Amerika Serikat (AS), yang memiliki pangkalan angkatan laut utama di negara tersebut, telah menyatakan keprihatinannya atas kasus Nabeel Rajab, seorang tokoh terkemuka dalam demonstrasi pro-demokrasi yang menyapu Bahrain pada 2011, yang telah menjalani hukuman dua tahun atas sebuah berita wawancara di mana dia mengatakan Bahrain menyiksa tahanan politik.

Hukuman baru yang dijatuhkan tersebut adalah untuk kasus "menghina sebuah negara tetangga" dan menghina institusi nasional dalam komentar yang diunggah ke Twitter, kata aktivis.

Tidak ada komentar langsung dari pemerintah Bahrain.

Sayed Ahmed Alwadaei, seorang aktivis Institut Hak Asasi Manusia dan Demokrasi Bahrain (BIRD) yang berbasis di London, mengatakan bahwa pengadilan Bahrain melarang warga mengkritik pihak berwenang.

"Alih-alih memberi penghargaan kepada Nabeel Rajab atas advokasi HAM yang berani dan terpuji untuk perdamaian, pihak berwenang justru memilih untuk menghukum utusan tersebut,” kata Alwadaei.

Bahrain menindak ancaman yang dirasakan sejak protes pada 2011 yang diilhami oleh “Arab Spring“, yang sebagian besar dipimpin oleh mayoritas penduduk Syi'ah, dan dibatalkan dengan bantuan dari tetangga-tetangga Teluk Arab.

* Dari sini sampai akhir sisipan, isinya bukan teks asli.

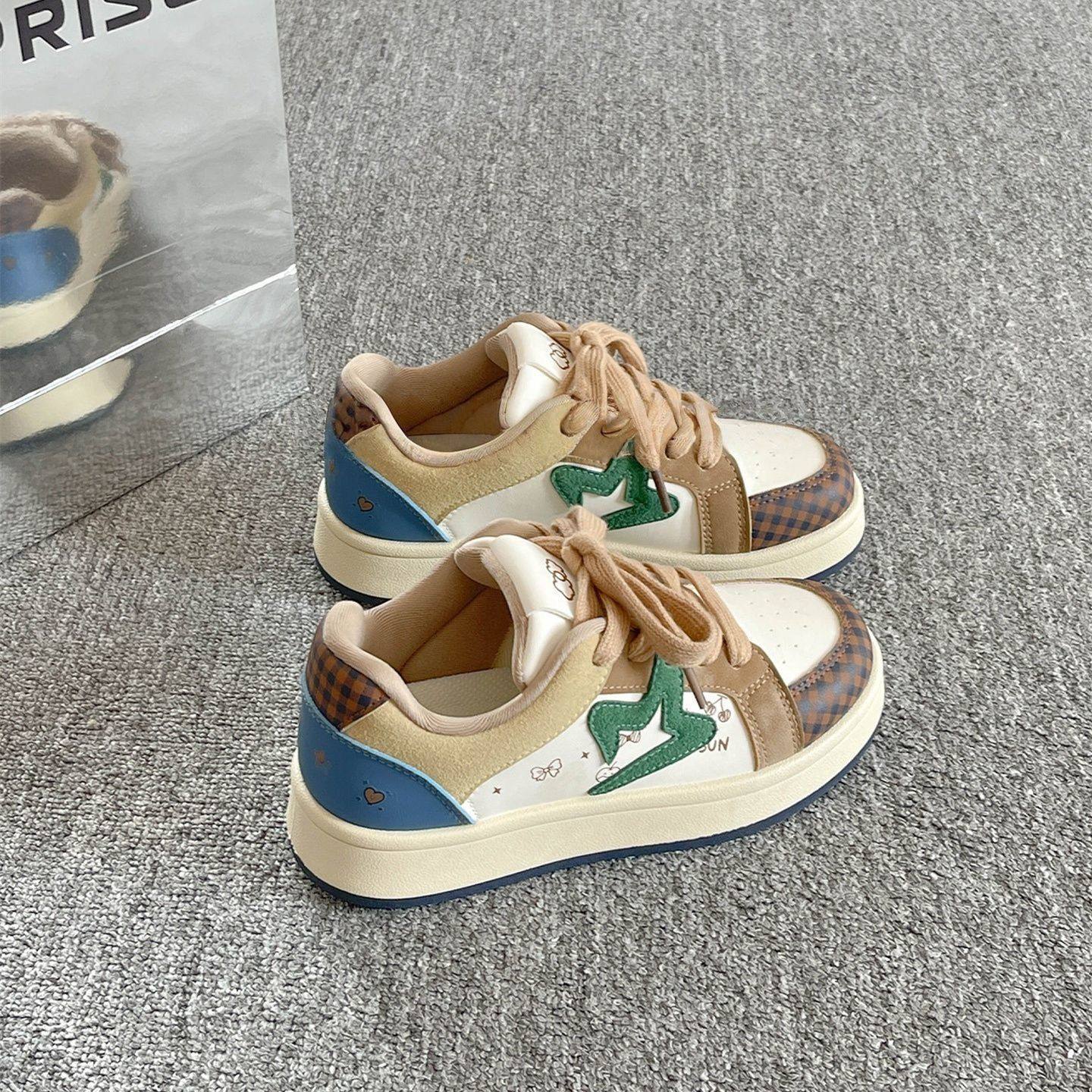 【明星同款】Wander around 复古棕色厚底增高休闲板鞋男女同款

Monarki yang dipimpin Muslim Sunni telah menutup dua kelompok politik utama, mencabut kewarganegaraan ulama Syi'ah atas dan melarang aktivis melakukan perjalanan dan mengajukan beberapa percobaan.

Pihak berwenang Bahrain menuduh Iran, kekuatan Syiah di wilayah tersebut, berada di belakang serangan bom militan dan serangan senjata pada pasukan keamanannya, sesuatu yang disangkal Iran.

Bahrain menjadi tuan rumah Armada Kelima AS, sebuah pangkalan angkatan laut utama di wilayah pengekspor minyak yang dimeriahkan oleh permusuhan antara sekutu utama Bahrain, Arab Saudi dan Iran.

Perwakilan kedutaan AS menghadiri sebuah dengar pendapat sebelumnya untuk Rajab, di mana juru bicara Departemen Luar Negeri AS Heather Nauert mengatakan bahwa Washington kecewa.

"Dia adalah seorang aktivis HAM terkemuka, kami terus melakukan percakapan dengan pemerintah Bahrain mengenai keprihatinan serius kami mengenai hal ini," kata Nauert.

Anak laki-laki Rajab, Adam, mencuit pada hari Rabu bahwa saat mendengar vonis tersebut, ayahnya tertawa di ruang sidang dan menunjukkan sebuah tanda damai. Demikian Reuters.